Firefox parent process (as of April 2021) ran a fixed number of processes: eight web content processes, up to two additional semi-privileged web content processes, and four service processes for web extensions, GPU operations, networking and media decoding.
While splitting content into eight processes already provided good security, it did not meet Mozilla’s security standards because it allowed two completely different sites to run in the same operating system process and therefore share the process’s memory. To avoid this, Firefox is moving to a site isolation architecture that loads each site into its own process.
What is happening in the illustration above? The user opens the sites in different tabs: www.my-bank.com, www.getpocket.com, www.mozilla.org and www.attacker.com. It may happen that my-bank.com and attacker.com will be processed by the same operating system process, that is, they will share the memory of this process. Accordingly, an attacker could perform a Specter attack to access data from my-bank.com.
Another important point: without site isolation, the browser will load all pop-up pages in the same process as the top-level site. Subframes (ads, embedded video) are also processed in the general process. As a result, a malicious site can gain access to subframes and confidential information that you enter there. Firefox’s new site isolation security architecture will prevent such attacks.
How the new Firefox architecture with site isolation works
When you add Site Isolation to Firefox for desktop, each unique site will create its own separate process. For example, if you download “https://mozilla.org” and “http://getpocket.com”, the Site Isolation Browser will split them into two different operating system processes, since they are not the same site.
Likewise, https://getpocket.com (note that here it is the https protocol, not http, as in the previous paragraph) will also be loaded into a separate process. That is, all three sites will be loaded in different processes.
Moreover, there are some domains, such as “.github.io” or “.blogspot.com”, which are too general to be identified as “site”. Therefore, Firefox will use the community-supported list Top Level Domains (eTLDs) to help differentiate sites.
Since “github.io” is listed as an eTLD, “a.github.io” and “b.github.io” will be loaded in different processes. Going back to the examples mentioned earlier, the sites www.my-bank.com and www.attacker.com are not considered one site, so they will be isolated from each other in separate processes. The memory will also be isolated to ensure data security.
Also with subframes. Subframes that are not “the same site” as the top-level page will be loaded in a different process.
In the picture above, you can see that the www.attacker.com page is trying to subframe the page from www.my-bank.com, but it will be loaded in a different process.
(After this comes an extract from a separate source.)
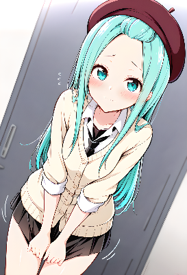 solo, 1girl, gyaru, long straight hair, aqua hair, forehead, school uniform,
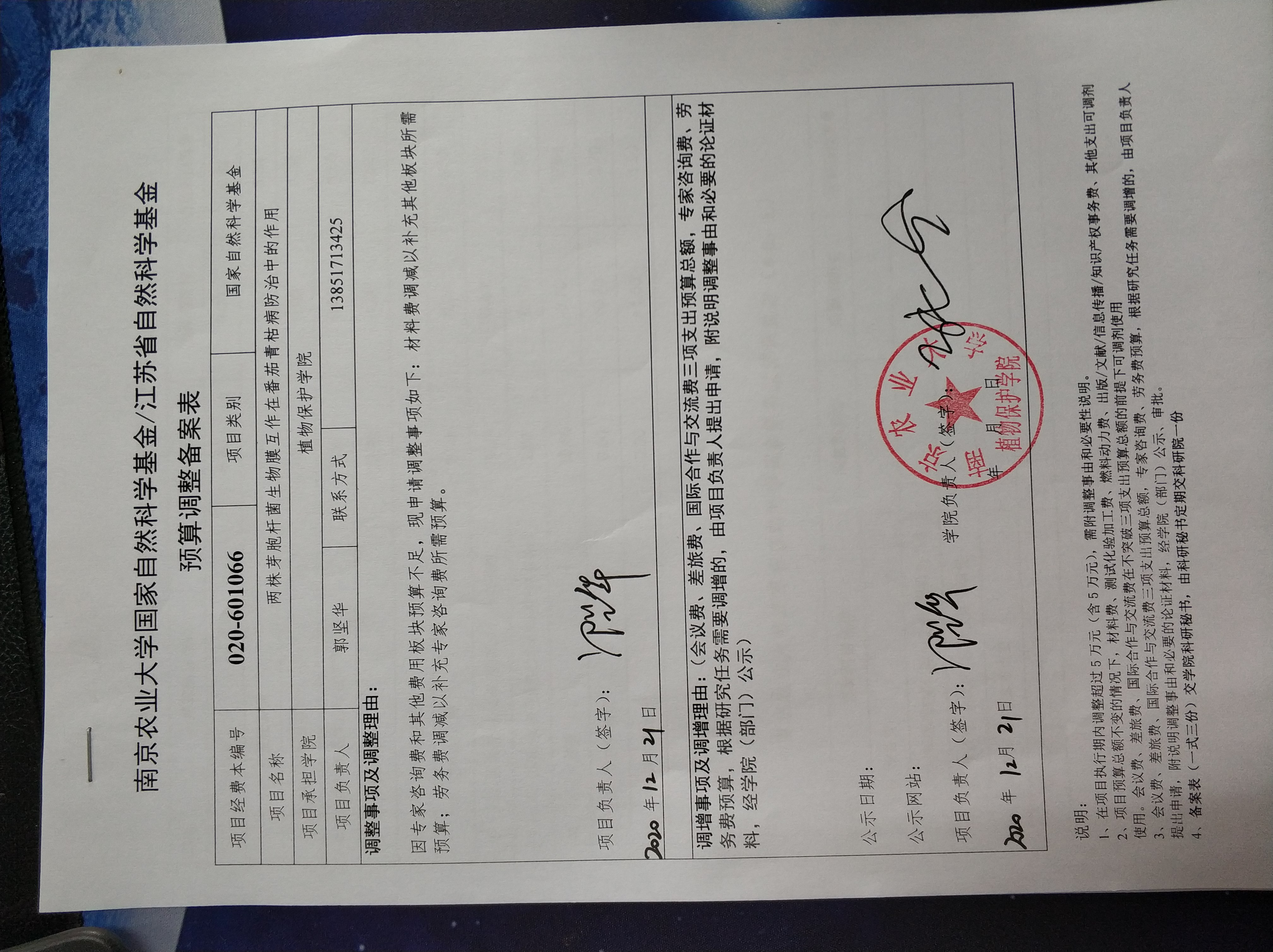公示:国家自然科学基金“两株芽胞杆菌生物膜互作在番茄青枯病防治中的作用”预算调整

This ensures that process memory is also isolated.
Additional benefits of site isolation
The new architecture not only makes Firefox safer. It provides other benefits as well:
By putting more pages in separate processes, doing heavy computation on one page won’t slow down other pages.
Using more processes to load websites allows you to distribute the load across multiple CPU cores and use hardware more efficiently.
Due to the fragmentation of sites, the failure of one subframe or tab will not affect sites loaded in other processes, that is, the stability of the application increases.
Plans and prospects
Firefox is currently testing site isolation in nightly and beta versions of desktop browsers. However, you can take advantage of the improved security architecture now. To do this, you need to download the browser Nightly or Beta from here and do the following:
To turn on site isolation in Firefox Nightly:
Go to about: Preferences # Experiment
Check the Fission (Site Isolation) box.
To enable site isolation in Firefox Beta:
Go to about: config.
Set the `fission.autostart` parameter to` true `.
Now you can master the updated browser and enjoy the enhanced security.